It has been a better year for the Rolls-Royce share price after declines in 2020 saw stocks hit an 18-year low.
This year we have seen some kind of recovery, but it was hard won and mostly occurred in the second half of the year, after the company surprised the markets in August with an unexpected profit of Â£ 393million in the first. semester, exceeding consensus expectations of a small loss.
This was helped by a better than expected Â£ 600million improvement in free cash flow, which, although still negative at -1.17 billion pounds, was still a significant improvement a year ago. year.
In the weeks following August, the stock price managed to make decent gains, although recent concerns over the rise in Delta infections and lately Omicron have seen stocks retreat from their highs of November above 150p.
Rolls-Royce has taken significant steps over the past 12 months to reduce staff and costs and this morning reiterated that it is on the right track with Â£ 1.3bn in additional annualized costs.
While all of this is welcome, the reality remains that the company still relies heavily for a good portion of its annual revenue on civil aviation engine flight hours (EFH), and although these have improved, with the return of transatlantic travel helping as well, the company is still expected to be below its annual target of 55% of 2019 levels for 2021.
Nonetheless, today’s third quarter update showed that things are moving in the right direction, with the Â£ 1.9bn deal with the Pentagon for its F-130 engines that will be used to propel the B-52 Stratofortress over the next 30 years was a win. The company also said its cash flow turned positive in the third quarter, so free cash outflow for 2021 would likely be lower than previous forecast by Â£ 2 billion.
Large Engine Flight Hours (EFH), which in the first four months of this year were 40% of 2019 levels, continued to increase and fell by 43% in the last two months of the first half of the year. at 50% of 2019 levels in the third quarter, which places full hours at 46%, therefore still below the 55% targeted at the start of the year.
This is not entirely surprising given what is happening with the Delta variant across Europe and lately Omicron, as restrictions tighten as Christmas approaches.
International travel is expected to remain a headwind, particularly as next year approaches, with all of the various restrictions imposed by governments unlikely to be significantly relaxed until early 2022.

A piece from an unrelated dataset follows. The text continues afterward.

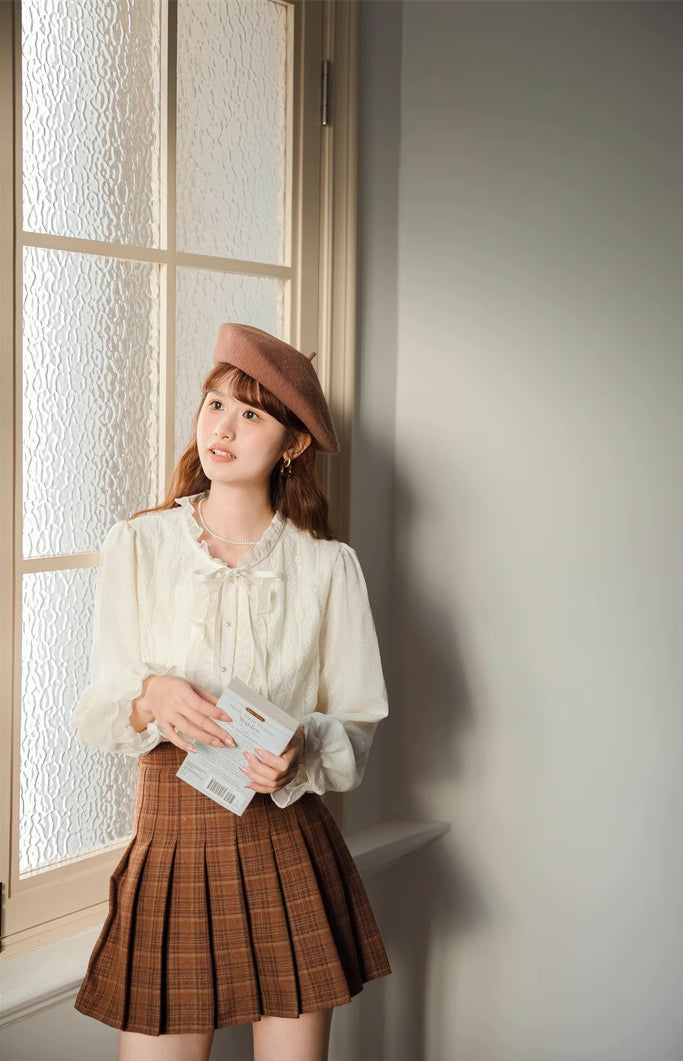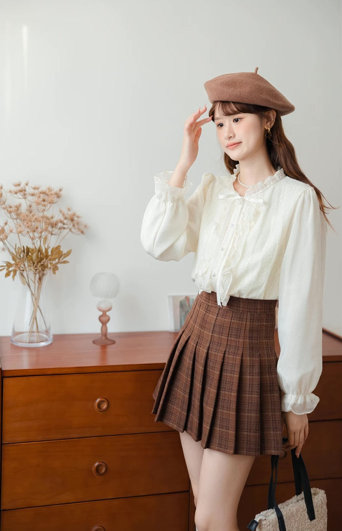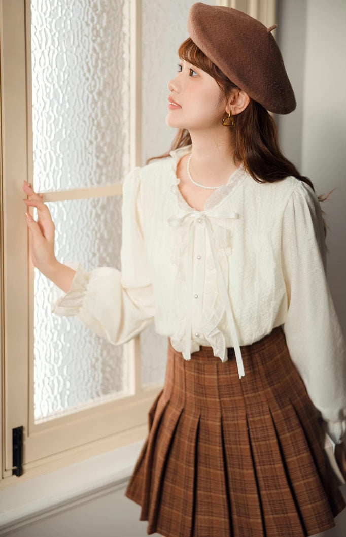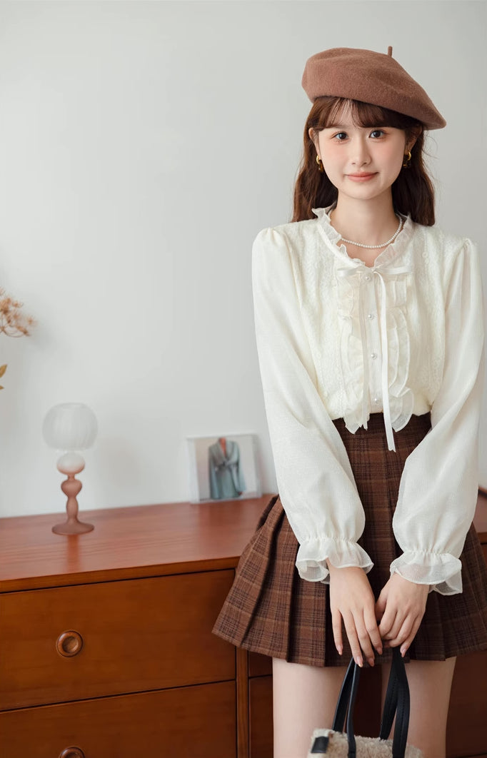 Button up shirt with a ruffled round neckline. tie-up neck ribbon. ruffled front. lace patterned bodice and long chiffon sleeves with frilly cuffs.
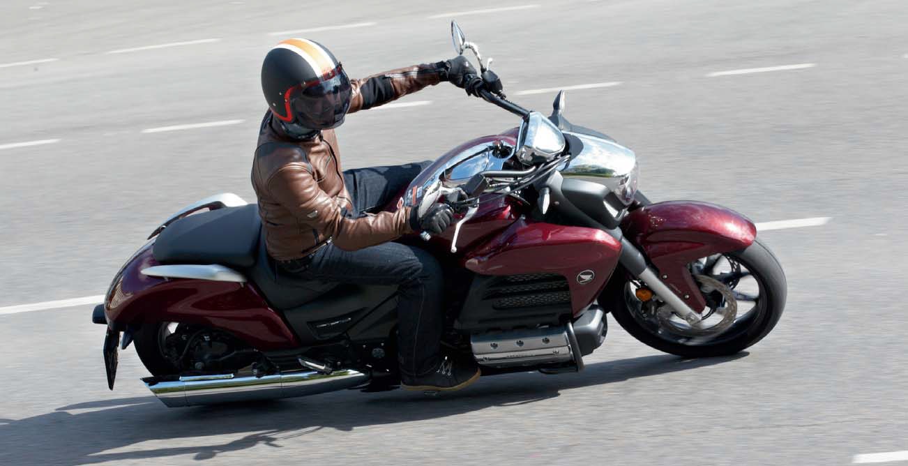 Пока привыкал к тестовому мотоциклу по пути от представительства компании Honda до гаража, несколько раз по неосторожности срывал заднее колесо F6C в пробуксовку… просто излишне оптимистично открыв «газ» со светофора! Это, кстати, коварная черта новой модели: при условии что F6C лишен практически всех электронных систем помощи (в том числе нет, конечно, и трекшн-контроля), а у 1832-кубового двигателя бездонный крутящий момент, «начинающийся» с самых «низов», на мокром асфальте (да и на сухом порой тоже…) Valkyrie превращается в такой довольно увесистый dirt-tracker, который с места трогается исключительно со 100-метровым дрифтом…

On the positive side, the balance sheet is in better shape thanks to the Â£ 2bn of divestments announced in recent months, including the divestment of ITP Aero for â¬ 1.7bn which should be finalized in the first half of next year.
Its Small Modular Reactor (SMR) business is also gaining traction after the government invests Â£ 210million in addition to Â£ 145million in private investment as the company steps up its contribution to the UK economy’s transition. towards reducing its carbon production.
Regarding its full year outlook, the company said it is progressing well and has been successful in meeting its goal of becoming positive free cash flow by the end of the year, at least for a quarter. in any case.
Now they have to do this on a regular basis and although they are likely to be lower than the previously guided Â£ 2billion cash outflows for this year, they still have a ways to go to meet their goal of being positive in the FCF of Â£ 750million by the end of 2022.
Much will depend on when and when international travel returns to normal and it remains a big question if they are to meet EFH expectations exceeding 80% of 2019 levels in 2022.
Overall, today’s update is broadly positive as other areas of business away from civil aviation move in the right direction, however, investors appear unable to overcome concerns. regarding the return of international travel, stocks having fallen at the start Trade.